→ Assigned task
Starting at the line with "I am a new transplant" and ending at the line with "Masa de toaleta, machiaj, pentru", print exactly the lines of the entries below. Pictures do not belong in the copy.

→ Data records
-- Opening Marker --

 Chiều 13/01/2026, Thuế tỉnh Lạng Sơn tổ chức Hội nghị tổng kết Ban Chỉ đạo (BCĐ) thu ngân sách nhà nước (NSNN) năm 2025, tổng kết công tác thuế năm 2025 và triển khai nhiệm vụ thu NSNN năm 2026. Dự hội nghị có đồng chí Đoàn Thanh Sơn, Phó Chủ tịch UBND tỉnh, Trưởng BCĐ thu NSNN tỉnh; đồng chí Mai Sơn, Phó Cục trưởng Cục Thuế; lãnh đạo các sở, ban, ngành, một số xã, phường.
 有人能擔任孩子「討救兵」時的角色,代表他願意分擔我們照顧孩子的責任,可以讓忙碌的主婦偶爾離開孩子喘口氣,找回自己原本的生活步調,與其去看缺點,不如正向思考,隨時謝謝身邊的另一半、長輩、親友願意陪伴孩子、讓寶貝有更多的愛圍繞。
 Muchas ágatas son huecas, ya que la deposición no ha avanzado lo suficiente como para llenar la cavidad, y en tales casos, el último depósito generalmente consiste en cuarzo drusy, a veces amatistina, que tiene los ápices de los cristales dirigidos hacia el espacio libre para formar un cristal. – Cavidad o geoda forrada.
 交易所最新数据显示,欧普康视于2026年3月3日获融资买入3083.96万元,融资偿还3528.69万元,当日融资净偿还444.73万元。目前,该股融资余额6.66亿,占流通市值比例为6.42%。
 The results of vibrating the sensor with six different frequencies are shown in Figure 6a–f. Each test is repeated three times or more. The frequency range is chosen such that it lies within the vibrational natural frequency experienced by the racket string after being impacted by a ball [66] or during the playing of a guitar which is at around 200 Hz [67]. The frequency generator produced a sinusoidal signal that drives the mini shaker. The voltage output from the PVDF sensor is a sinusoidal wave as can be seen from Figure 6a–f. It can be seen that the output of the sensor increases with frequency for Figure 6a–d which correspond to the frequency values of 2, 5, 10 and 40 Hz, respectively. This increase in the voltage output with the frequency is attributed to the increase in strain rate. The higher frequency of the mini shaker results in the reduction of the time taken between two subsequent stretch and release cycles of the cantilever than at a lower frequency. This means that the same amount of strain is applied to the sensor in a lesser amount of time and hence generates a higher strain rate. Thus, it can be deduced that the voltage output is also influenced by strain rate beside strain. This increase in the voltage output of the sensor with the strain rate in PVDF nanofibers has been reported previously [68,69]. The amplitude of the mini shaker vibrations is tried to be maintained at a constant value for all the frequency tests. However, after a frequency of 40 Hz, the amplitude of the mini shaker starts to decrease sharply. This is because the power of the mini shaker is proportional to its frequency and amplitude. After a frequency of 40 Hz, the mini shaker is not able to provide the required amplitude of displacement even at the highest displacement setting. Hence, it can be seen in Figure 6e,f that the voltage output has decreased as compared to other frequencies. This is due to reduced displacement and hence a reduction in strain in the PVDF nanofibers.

-- Closing Marker --
-- Opening Marker --

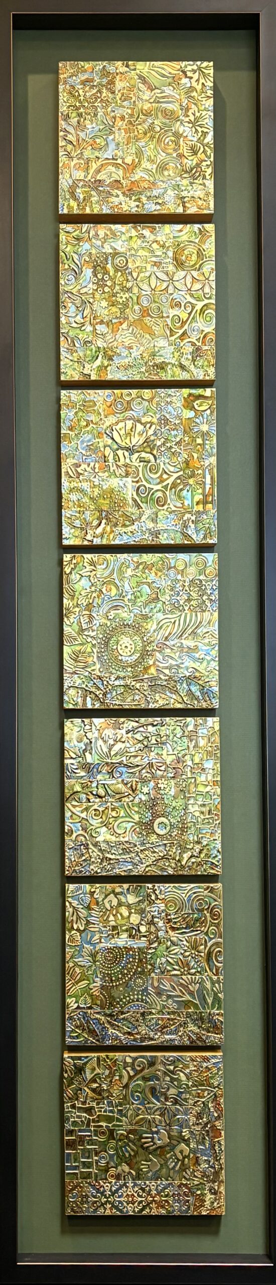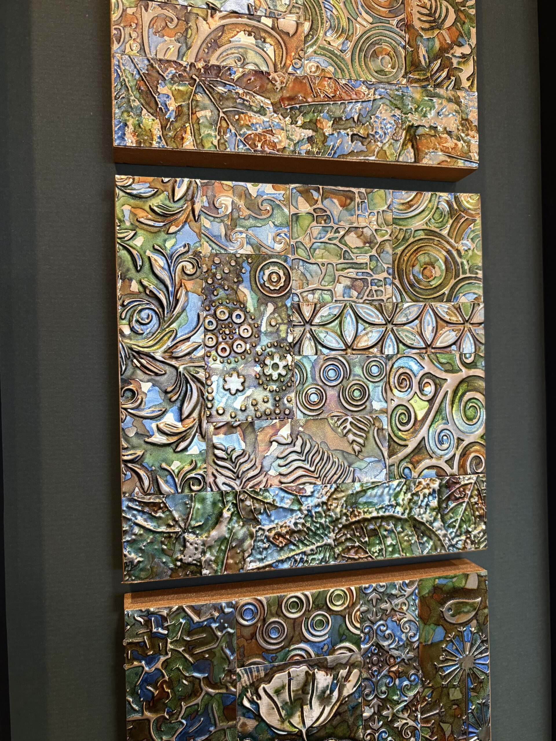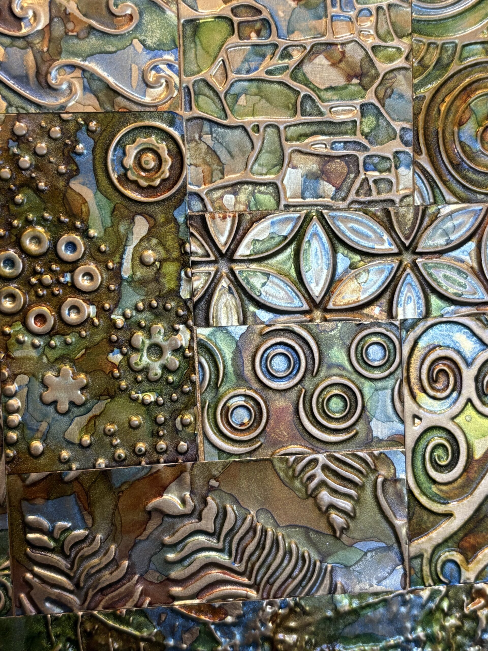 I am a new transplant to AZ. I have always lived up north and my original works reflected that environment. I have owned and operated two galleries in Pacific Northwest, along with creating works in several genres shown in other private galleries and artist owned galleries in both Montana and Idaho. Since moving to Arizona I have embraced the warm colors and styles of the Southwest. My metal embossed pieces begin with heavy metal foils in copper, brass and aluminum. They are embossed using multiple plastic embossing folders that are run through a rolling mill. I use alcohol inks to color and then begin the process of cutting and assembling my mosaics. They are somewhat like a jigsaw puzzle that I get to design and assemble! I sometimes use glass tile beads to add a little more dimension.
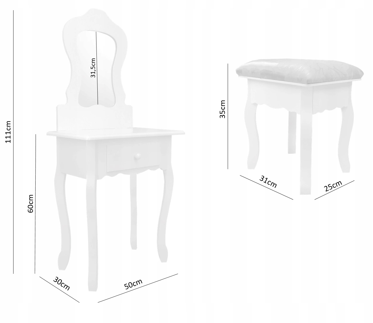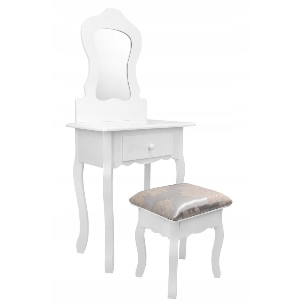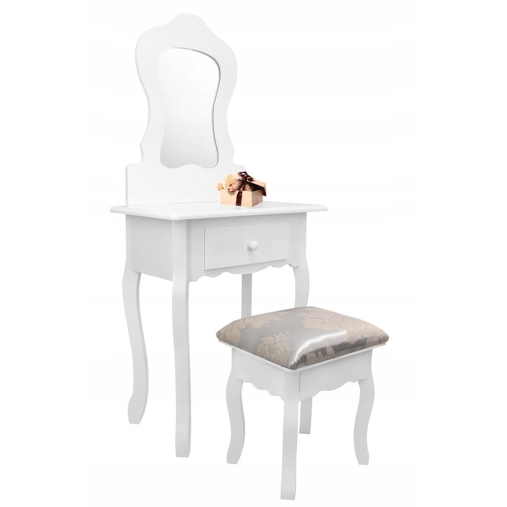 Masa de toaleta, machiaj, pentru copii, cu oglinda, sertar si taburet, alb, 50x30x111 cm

-- Closing Marker --
-- Opening Marker --

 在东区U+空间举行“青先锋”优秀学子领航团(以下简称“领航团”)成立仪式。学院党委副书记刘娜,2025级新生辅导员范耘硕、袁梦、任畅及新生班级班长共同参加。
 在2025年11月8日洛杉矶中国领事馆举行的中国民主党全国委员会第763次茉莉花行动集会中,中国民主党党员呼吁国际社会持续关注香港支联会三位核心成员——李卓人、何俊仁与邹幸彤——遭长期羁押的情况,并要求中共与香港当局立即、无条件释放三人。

-- Closing Marker --

→ Task result
 I am a new transplant to AZ. I have always lived up north and my original works reflected that environment. I have owned and operated two galleries in Pacific Northwest, along with creating works in several genres shown in other private galleries and artist owned galleries in both Montana and Idaho. Since moving to Arizona I have embraced the warm colors and styles of the Southwest. My metal embossed pieces begin with heavy metal foils in copper, brass and aluminum. They are embossed using multiple plastic embossing folders that are run through a rolling mill. I use alcohol inks to color and then begin the process of cutting and assembling my mosaics. They are somewhat like a jigsaw puzzle that I get to design and assemble! I sometimes use glass tile beads to add a little more dimension.
 Masa de toaleta, machiaj, pentru copii, cu oglinda, sertar si taburet, alb, 50x30x111 cm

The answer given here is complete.